EDIT : Just saw that --read-length parameter answer my question ! My bad...
Hi,
I run UMI-tools (https://github.com/CGATOxford/UMI-tools) on my dataset using this command :
python $umitools/group.py -I sorted.bam --paired --edit-distance-threshold=1 --group-out=groups.tsv -L stats.txt
After that I've a group.tsv file containing the groups for my reads. Here's a subset of my group.tsv :
read_id contig position umi umi_count final_umi final_umi_count unique_id
NS500186:291:HTYKYAFXX:3:11511:4602:8498_CTCTTCCGATCT chr1 504 CTCTTCCGATCT 1 CTCTTCCGATCT 1 0
NS500186:291:HTYKYAFXX:3:21407:18031:16780_CTCTTCCGATCT chr1 504 CTCTTCCGATCT 1 CTCTTCCGATCT 1 1
NS500186:291:HTYKYAFXX:1:11103:22901:14851_CTCTTCCGATCT chr1 504 CTCTTCCGATCT 24 CTCTTCCGATCT 24 2
NS500186:291:HTYKYAFXX:1:11104:5947:6879_CTCTTCCGATCT chr1 504 CTCTTCCGATCT 24 CTCTTCCGATCT 24 2
NS500186:291:HTYKYAFXX:1:11105:22350:7050_CTCTTCCGATCT chr1 504 CTCTTCCGATCT 24 CTCTTCCGATCT 24 2
NS500186:291:HTYKYAFXX:1:11207:26170:12155_CTCTTCCGATCT chr1 504 CTCTTCCGATCT 24 CTCTTCCGATCT 24 2
NS500186:291:HTYKYAFXX:1:11209:5982:16287_CTCTTCCGATCT chr1 504 CTCTTCCGATCT 24 CTCTTCCGATCT 24 2
NS500186:291:HTYKYAFXX:1:11304:14850:18144_CTCTTCCGATCT chr1 504 CTCTTCCGATCT 24 CTCTTCCGATCT 24 2
NS500186:291:HTYKYAFXX:1:11307:16408:8652_CTCTTCCGATCT chr1 504 CTCTTCCGATCT 24 CTCTTCCGATCT 24 2
So each read harboring the same alignment position and the same umi (with max 1bp distance) are assigned to the same group.

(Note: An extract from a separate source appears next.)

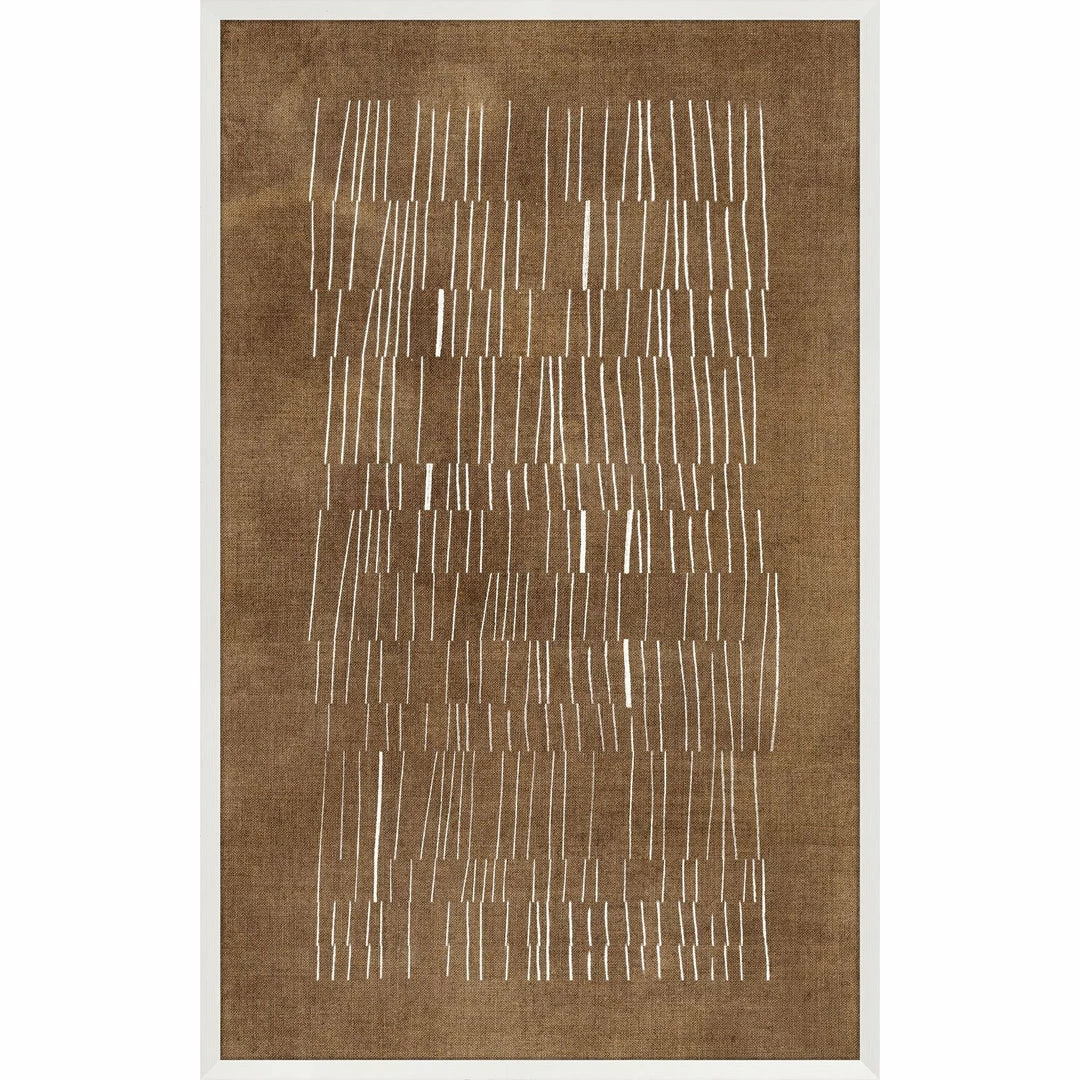 This impactful series on a linen ground has a great mid-century vibe. Beautifully finished in a deep frame with white and warm woodtones to really complement these pieces.

But looking at the reads I've a lot of cases where the read sequence is not the same (in size). Alignment starts is ok but alignment end is not the same because the input read has a different length.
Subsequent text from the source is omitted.